Wider die Kulturseppln

Vorwort | aus FALTER 22/05 vom 01.06.2005

KLAUS NÜCHTERN

Kommentar Wer stets die Kultur im Munde führt und diese gegen die böse Politik ausspielt, verdient allergrößte Skepsis. 

So viel Kultur war noch nie. Weil grad Festwochen sind, kann man täglich ins Theater, zum Tanz oder sonst wo hinrennen, und das ändert noch lange nichts dran, dass man "pausenlos nur mehr ins Kino gehen könnte", wie Kollege Omasta unlängst so richtig anmerkte.

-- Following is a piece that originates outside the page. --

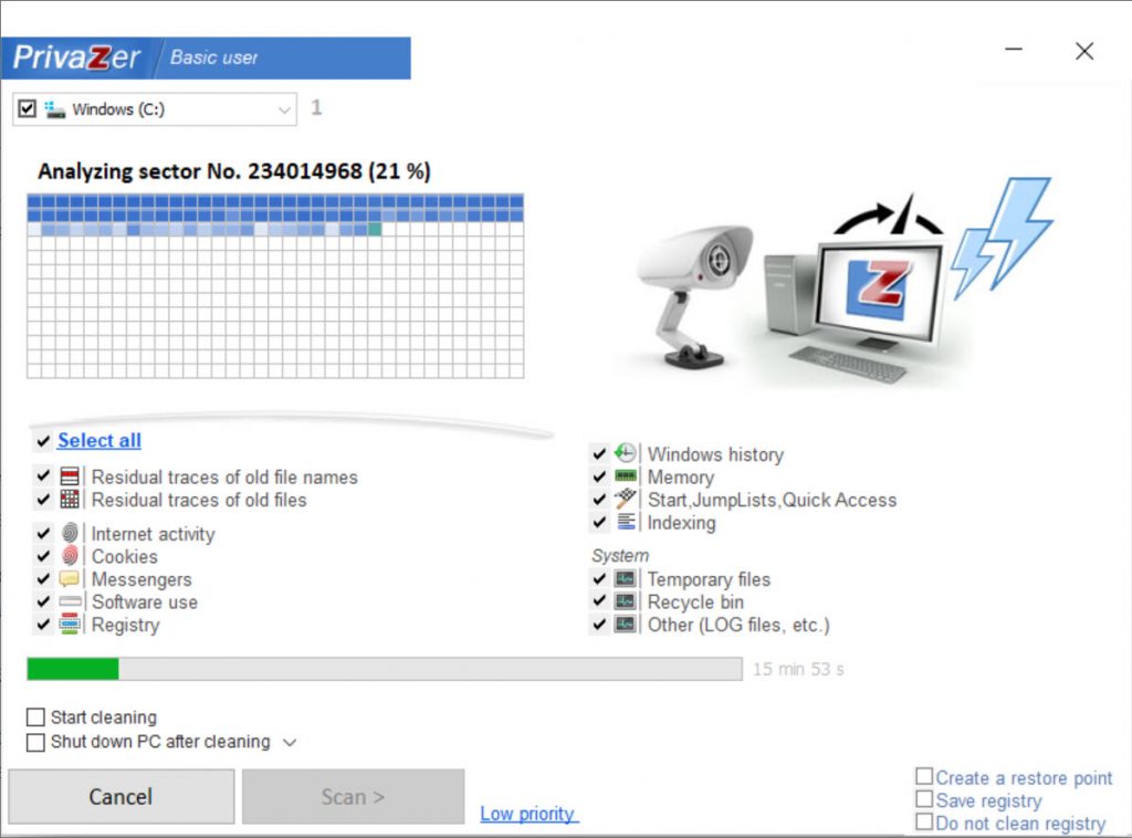 One of the main features of PrivaZer is its ability to scan and analyze your system thoroughly, identifying and deleting various types of unwanted data, including browsing history, cookies, temporary files, and other residual files that may compromise your privacy. PrivaZer also goes beyond standard cleaning by securely overwriting the deleted data, making it unrecoverable, thereby preventing any potential data recovery attempts.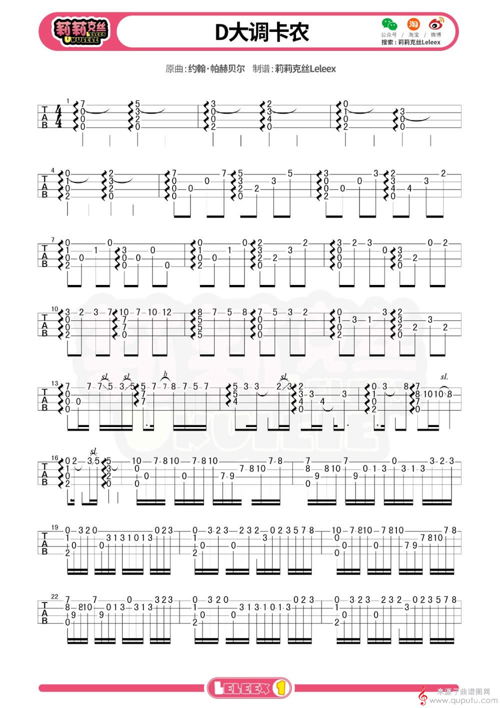 曲谱图网为您提供D大调卡农(尤克里里弹唱简谱进阶版)找谱子,就上曲谱图网。

Weil darüber hinaus auch noch jubilierende Nachdenklichkeit ausgebrochen ist und sich das Aufsatzthema "Die ganze Wahrheit über die österreichische Identität" großer Beliebtheit erfreut, ist man auch nicht davor gefeit, André Heller im Fernsehen aufpoppen und, ehe man die Fernbedienung wieder in die Hand nehmen kann, Sätze wie "Ich bekenne mich zu einer Republik des Geistes" sagen zu hören.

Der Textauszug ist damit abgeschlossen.